The structural profiles are close, with Erie Indemnity Company carrying a narrow edge on growth. Chipotle Mexican Grill still has the edge on growth, which keeps the comparison from looking entirely one-sided. Both sides have seen trend damage — neither carries a clear market edge right now. With both trends damaged, the structural comparison carries most of the weight here.
The comparison is based on similar long-term financial trajectories, not sector labels.
The page question resolves through growth, where Chipotle Mexican Grill, Inc. holds the stronger read even though the broader score still favours Erie Indemnity Company.
This pair is matched through long-term financial trajectory similarity within the selected peer universe.
A solid similarity means the pair shares a clearly comparable long-term financial profile, even if individual dimensions still differ.
The match is driven mainly by revenue stability and capital structure.
Scores reflect position relative to comparable companies with similar long-term financial trajectories.
The clearest separation appears in growth.
Left means cheaper relative valuation. Higher means stronger structure.
Erie Indemnity Company and Chipotle Mexican Grill, Inc. look relatively close on structure, but the price setup still leans toward Erie Indemnity Company.
Valuation position uses peer-relative PE percentile (idx_pct_pe) where available.
The current lead is backed by a stronger multi-year growth trajectory.
Stability is the one area where Chipotle Mexican Grill, Inc. still pushes back materially — it is the steadier name on this dimension, which keeps the result from reading as one-way.
Growth is the clearest driver of the lead, with profitability adding further support — though growth still provides a real counterweight.
Break down the CMG vs ERIE comparison across all dimensions with the full interactive tool.
Explore how CMG and ERIE each compare against other companies in their peer groups.
Rule-based, descriptive analysis only. Derived from peer percentile dimensions. Not investment advice. Peer groups are determined algorithmically based on structural similarity — not by sector classification alone.
AssetNext scores reflect each company's structural position within its functional peer group — not a ranking against all stocks simultaneously. Peers are identified by similarity across eight financial dimensions, including revenue growth trajectory, margin structure, capital intensity, and earnings stability. A score of 75 means the company ranks in the top quartile within its own peer group, not the entire market.
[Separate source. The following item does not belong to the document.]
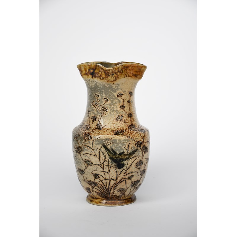 A Martin Brothers stoneware vase, dated 1888, shouldered, square section, with cylindrical neck and pinched rim, incised with birds flying amongst foliage, in grey and brown on a buff ground, incised marks, date indistinct probably 1888, Martin Bros London & Southall, professional restoration to top rim, 20.5cm. high
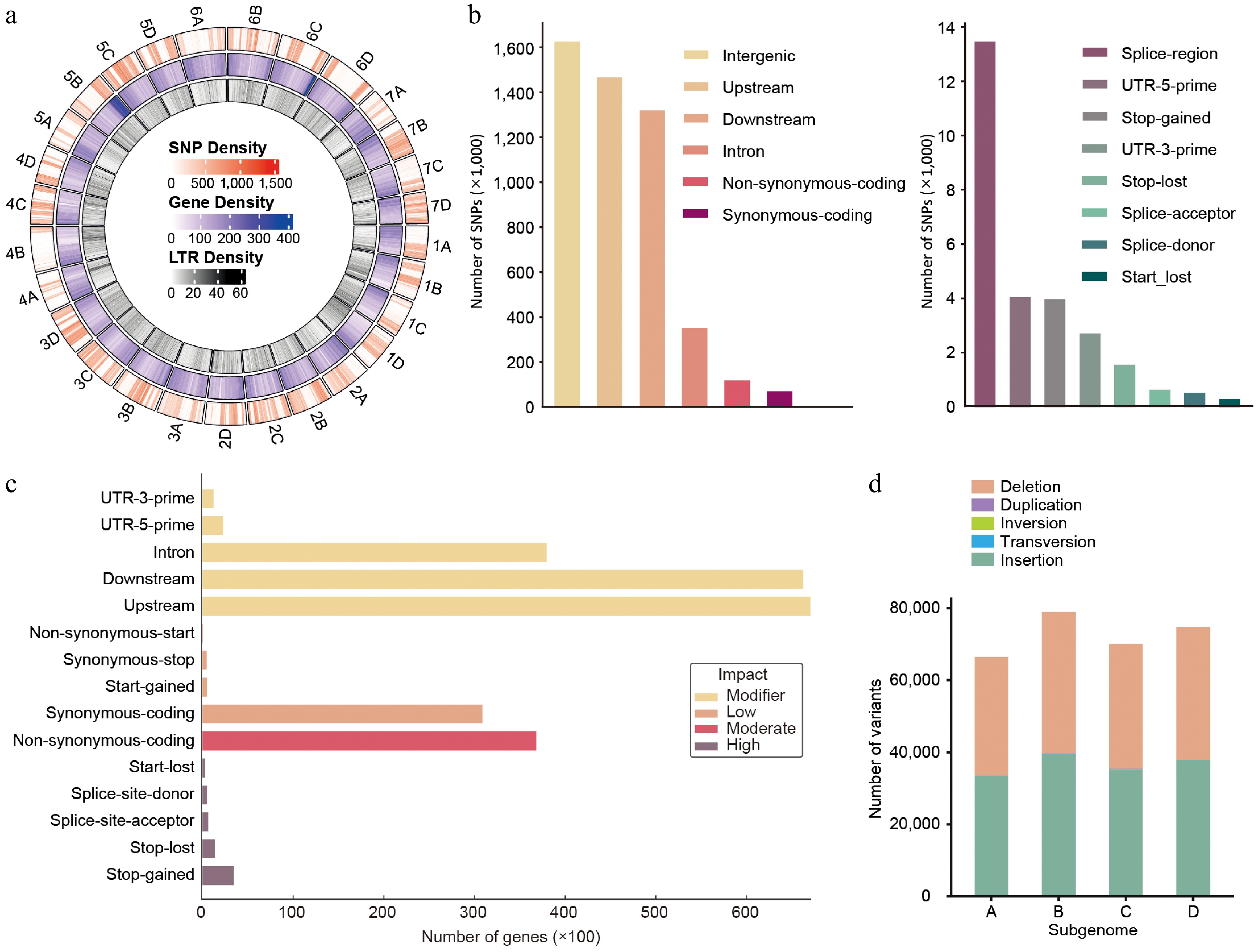 Genome-wide distribution and annotation of SNPs and structural variants between 'Florida Brilliance' and 'Seolhyang' strawberries. (a) Circos plot showing genome-wide distributions of SNP density (outermost ring, red), gene density (middle ring, blue), and LTR density (innermost ring, green) across the chromosomes of the analyzed Seolhyang reference genome. Whole-genome resequencing (WGS) data of Brilliance was aligned to the Seolhyang reference genome for this analysis. (b) Functional classification of SNPs according to genomic context. Left panel: most SNPs are located in intergenic, upstream, or downstream regions. Right panel: SNPs within coding and regulatory regions, including splice sites and UTRs. (c) The number of genes harboring SNPs, classified based on their predicted functional impact into four categories: modifier, low, moderate, and high. (d) Distribution of structural variants (SVs), including deletions, duplications, inversions, transversions, and insertions across four subgenomes A–D.

Four dimension scores drive the overall peer score: Growth (revenue trajectory and expansion dynamics), Quality (margin structure and capital efficiency), Valuation (peer-relative pricing on standard multiples), and Stability (earnings consistency and financial predictability). Each dimension is scored 0–100 relative to the peer group, then combined into an overall peer score using equal weighting.
Scores are recalculated periodically as underlying financial data is updated. All analysis is descriptive and rule-based — AssetNext describes structural realities and never issues buy, sell or hold recommendations.